Singular sermon: Looking both back and ahead

Published January 27, 2004, in issue 0404 of the Hook

The Arcade Fire: Funeral (Merge)

BY MARK GRABOWSKI

Mixing lo-fi beauty with the pains and pleasures of living on their full-length debut album, The Arcade Fire hit on the big ideas of life and death, love, and loss. But they coat these sometimes bitter pills with sweet lustrous indie-pop that few would decline to taste.

Funeral arose from a year full of passings– relatives on all sides left this earth– but also from a year of more positive changes. Biggest among those: the group's two principal points of light, Win Butler and Régine Chassagne, married. These life-altering events seem to have electrified the brains of these two songwriters and enabled them to create something that's a majestic leap from their less satisfying self-released EP.

The Funeral begins with the joyously apocalyptic "Neighborhood #1 (Tunnels)" where piano and staccato strings overlay a driving bass and disco beats, as Butler reveals his plans for a blizzard– "...if the snow buries my, my neighborhood."

Romantic notions such as the subtle "you'd change all the lead, sleeping in my head" to the utterly lost "then we'd try to name our babies, but we forgot all the names that, the names we used to know" fly forth in a tumult of emotion, building and building to a grandiose conclusion.

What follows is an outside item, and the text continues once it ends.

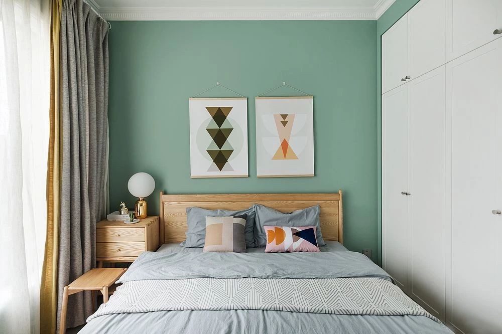 主臥空間延續(xù)整體的設(shè)計(jì)風(fēng)格,清新又時(shí)尚。
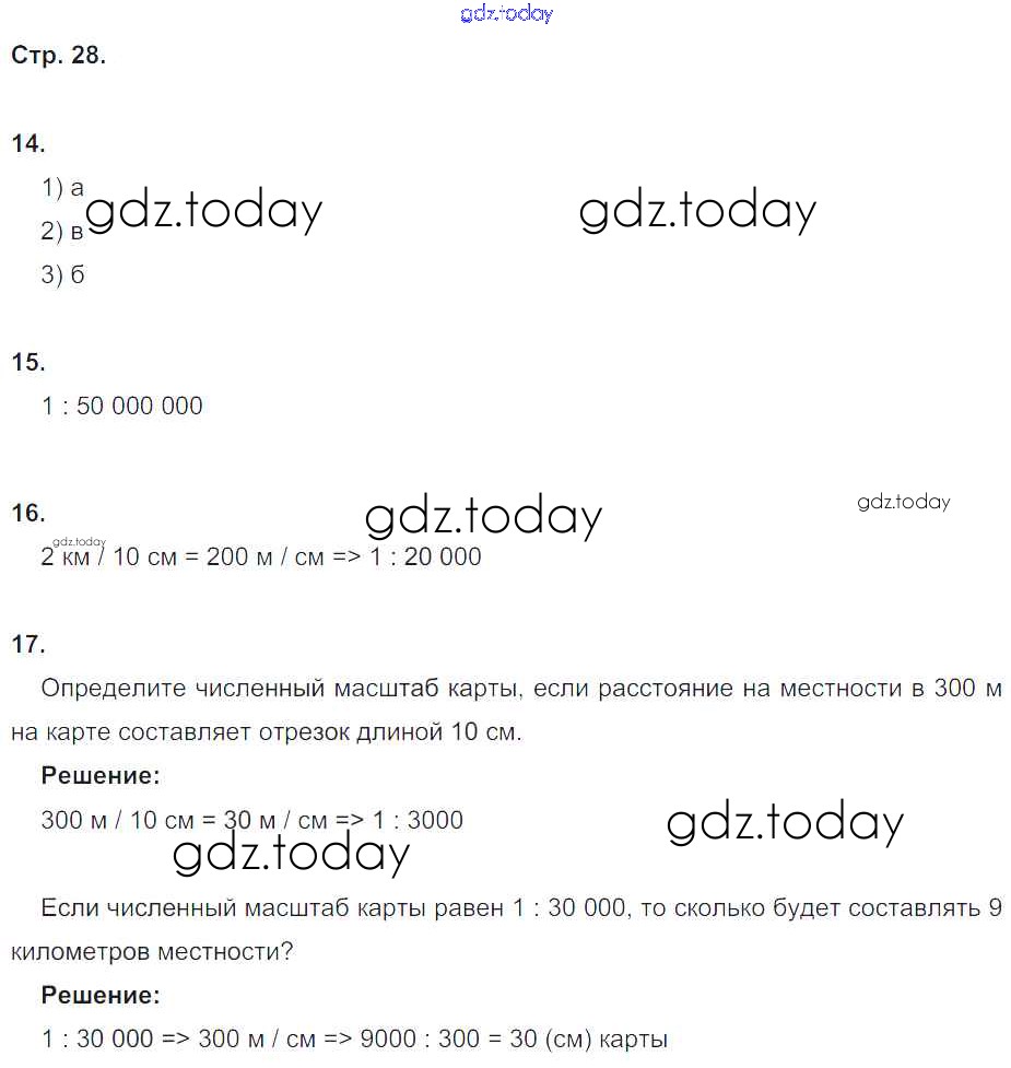 Ответы к Страницы (решение) 28 Рабочей тетради по Географии для 5 класса Дронов, Савельева Дрофа УМК 2016

The next track, "Neighborhood #2 (Laika)" is less forward than its predecessor, exchanging lustrous storytelling for rock with a mystical edge, but its brilliance shines through. The winding bass that dominates the song's verses fades into a sea of synthesizer, guitar, and accordion on the chorus as Butler sings/shouts "our mother shoulda /just named you Laika," backed by a harmonizing Chassagne.

Tracks four and five continue this song saga with "Neighborhood #3 (Power Out)" and "...#4 (7 Kettles)," the former echoing the album's first track while the latter ends the "neighborhood" saga, the song's narrator watching the happenings on his street from a dimly lit window.

"Wake Up" begins with impressive shades of the latter-day Flaming Lips, but soon slips into what The Arcade Fire have made their signature sound– loud well-spaced pounding beats, high-flying impassioned vocals, and lucid lyrics.

What most sets The Arcade Fire apart from similar but younger acts is maturity. They pass by the "seventeen/what I mean" rhymes in favor of lyrical feats of strength and instrumental daring that come only with seasoned lives. I'm glad they saw fit to share them with us for a little while.